How can we be a voice? Sometimes, I feel so helpless.

Chris Field said...

Great question, Josh.

Larry, what can we do? This is a disgrace and absolutely unfair.

Internet Esquire said...

If your objective is to help the working poor, an expansion of the Earned Income Tax Credit would be a much more effective and equitable way of doing so than raising the minimum wage.

Larry James said...

Josh and Chris, write to your Senators (Cornyn and Hutchinson) and ask why they voted against the increase. Mount a campaign in your groups to get a call in and letter writing campaign going. Be sure and read tomorrow here, as I will answer some objections that you will face in supporting the increase that is needed.

Internet Esquire, why on earth would it need to be an either/or proposition with EIC and Minimum Wage? I agree that the EIC needs extending dramatically, but along with an equitable increase in minimum wage and many other things.

Hard datat out of Florida will be posted here tomorrow.

Chris Field said...

Thanks, Larry. I look forward to reading more.

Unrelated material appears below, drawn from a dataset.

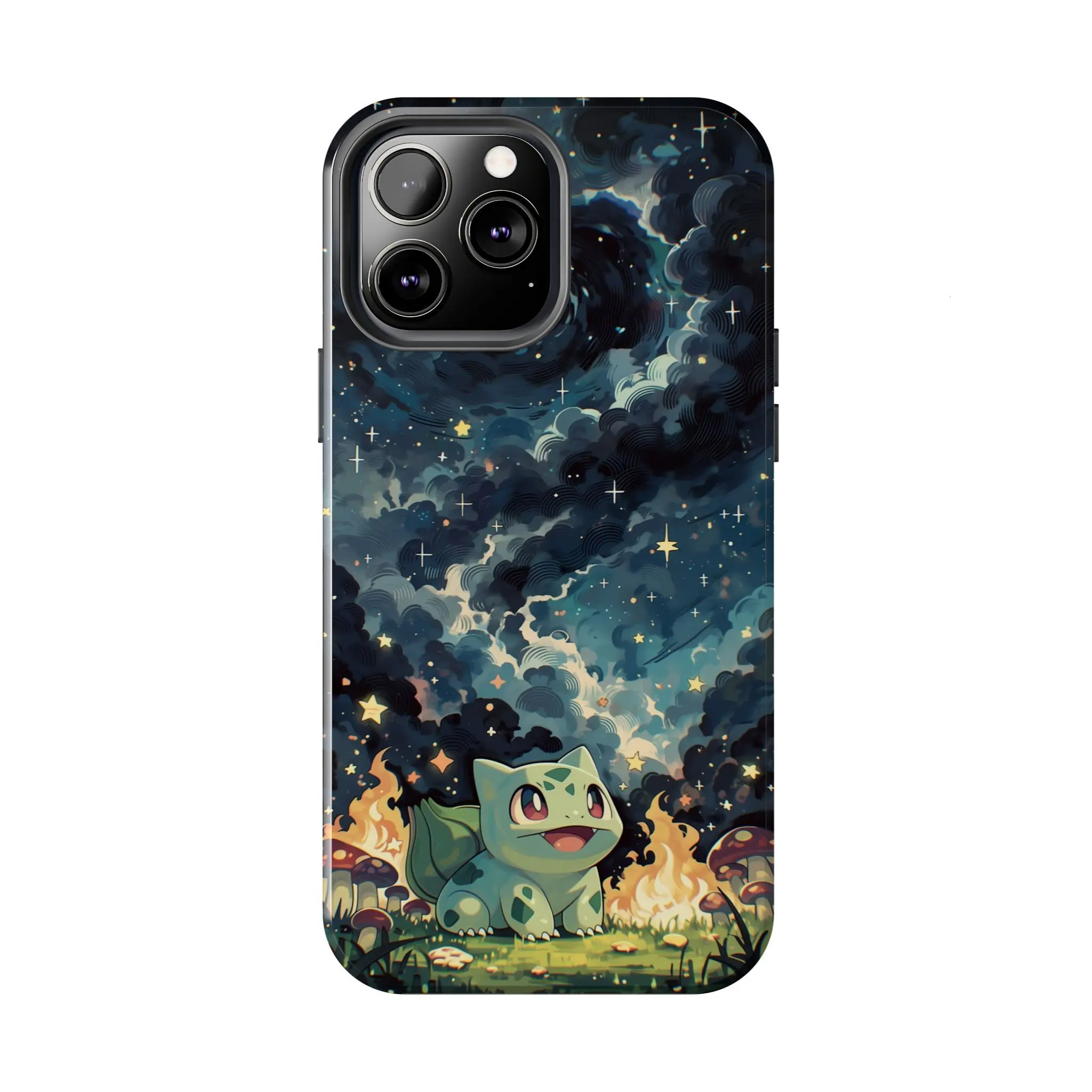 Illuminate your device with the magical charm of this Bulbasaur "Pokémon" themed case. Featuring a stunning artistic interpretation of Bulbasaur sitting under a mesmerizing night sky filled with swirling galaxy clouds, twinkling stars, and glowing mushrooms. This "Starry Night" aesthetic blends the cuteness of everyone’s favorite grass-type starter with a deep, mystical atmosphere, making it a standout piece for any Pokémon fan who loves a touch of fantasy.

By the way, law school begins in about a month. We have three more weeks here at Camp of the Hills and then we move to Lubbock on August 5th. Hopefully I will be getting in contact with you all about a possible internship sometime in the middle of next year. But I have no doubt that we will be in touch between now and then. Blessings to you.

Larry James said...

Chris, great! Look forward to hearing from you as your progress continues!

Daniel Gray said...

I'm conflicted. I definitely think the EITC should be increased (because it seems to have few negative effects). However, I'm not in full agreement on the minimum wage being increased, but that's due to all the negative theorizing I hear regarding the minimum wage having a negative effect on lower income families by raising costs that affect them significantly. Maybe that's what "the system" wants me to think. Anyway, I'm interested to see this "data" you promise tomorrow. :)

I think minimum wage should at least be tied to the CPI, that way it will always maintain a relatively similar purchasing power. Don't even allow congress its own pay raises -- establish an amount, ans attach everything to the CPI...

Daniel Gray said...

Two other considerations...

1. Most argue that minimum wage increases will force job closings (debatable, I know), however, a jump to over $7.00 in my opinion would put a strain on employers and cause them to downsize. If $7+ is a target, it should be an incremental change over 2-3 years -- employers could adapt better without cutting jobs. Then tie it to the CPI... :)

2. Also, I would be careful raising the federal limit too high -- Abilene, TX and Los Angeles, CA don't cost the same amount of money to live in. Maybe raising the federal minimum to around $6.50 and then encouraging states to set their own minimums higher (incentives or something), that way regions can determine the wage most adequate to the cost of living... Or have the government set regional wages, so the minimum is different in different areas depending on cost of living -- I'm sure I'm making things as complicated as the IRS.

Any thoughts on that?

Larry James said...

Daniel, I understand your issues with regional cost of living, etc. Many states have already enacted minimum wage laws. Tomorrow we will look at Florida after one year with a new minimum wage. The law was passed overwhelmingly by voters in spring 2005 over all of the typical objections raised by people like Gov. Bush and others. The careful analysis after one year if very interesting. The impact, always feared, never seems to materialize after the passage. This tells me that the real issues with minimum wage increases, at least so far in this country, have less to do with the well-being of wage-earners and more to do with the self-interests of those paying for labor. I'll be interested in hearing from you after tomorrow's post.

Michael Davis said...

Larry, you are absolutely right. It IS a travesty. I wrote about it on Dallas Progress on June 21st. Your writing today really brought.A lot of the Texas elected officials votes against the min wage but voted FOR a raise for themselves.